* MATERIAL TO PROCESS *
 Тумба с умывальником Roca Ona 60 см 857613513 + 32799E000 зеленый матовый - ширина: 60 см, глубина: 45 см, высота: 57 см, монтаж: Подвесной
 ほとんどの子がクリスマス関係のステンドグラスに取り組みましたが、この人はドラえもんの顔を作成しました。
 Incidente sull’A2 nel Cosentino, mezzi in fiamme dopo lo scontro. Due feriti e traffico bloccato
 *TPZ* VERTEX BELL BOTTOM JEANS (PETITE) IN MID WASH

--

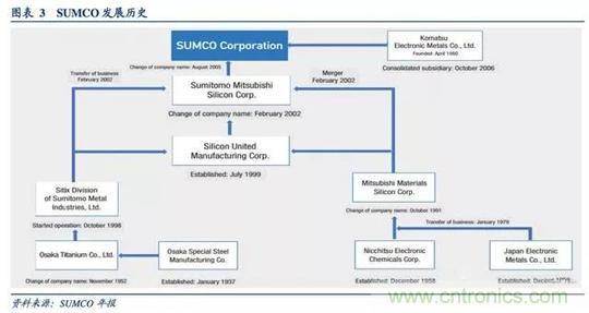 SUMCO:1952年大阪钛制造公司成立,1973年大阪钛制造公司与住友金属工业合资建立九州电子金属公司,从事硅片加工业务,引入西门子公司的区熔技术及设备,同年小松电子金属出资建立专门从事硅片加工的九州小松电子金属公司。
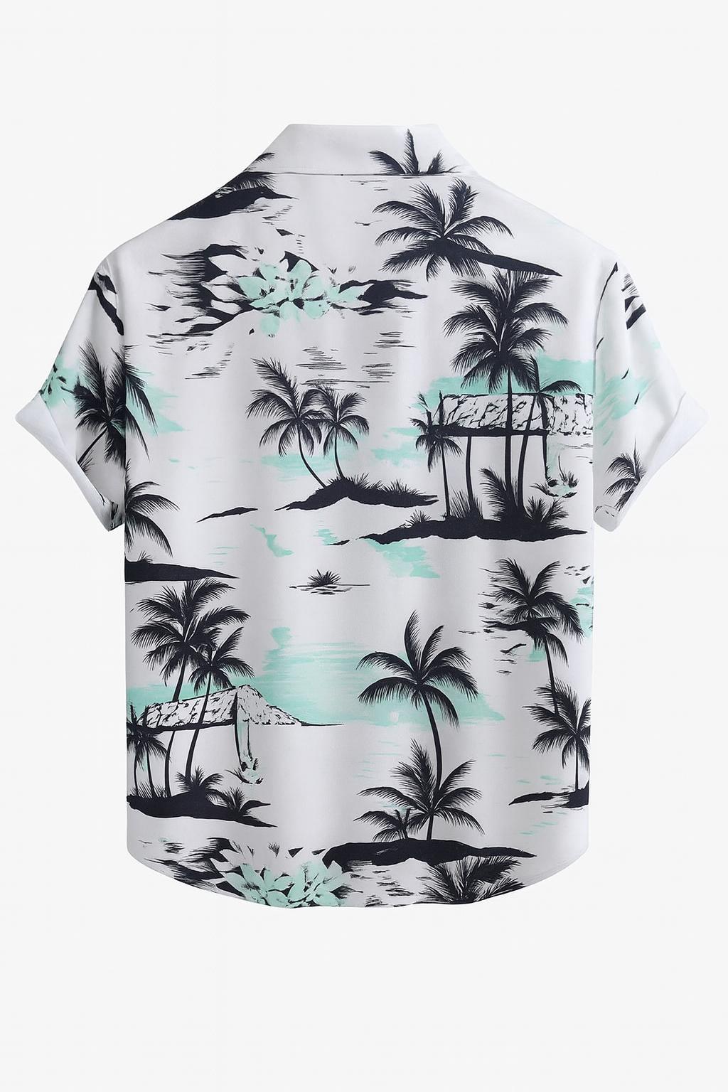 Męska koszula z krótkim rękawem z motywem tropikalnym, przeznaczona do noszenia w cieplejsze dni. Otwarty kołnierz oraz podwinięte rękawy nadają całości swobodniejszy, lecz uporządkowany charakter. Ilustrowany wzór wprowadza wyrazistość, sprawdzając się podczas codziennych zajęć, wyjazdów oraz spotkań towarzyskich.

* EXERCISE *
Reproduce, exactly as they stand in the data above, the lines from the one that holds "Incidente sull’A2 nel" to the one that holds "IN MID WASH", inclusive.

* ANSWER FOR THIS EXERCISE *
 Incidente sull’A2 nel Cosentino, mezzi in fiamme dopo lo scontro. Due feriti e traffico bloccato
 *TPZ* VERTEX BELL BOTTOM JEANS (PETITE) IN MID WASH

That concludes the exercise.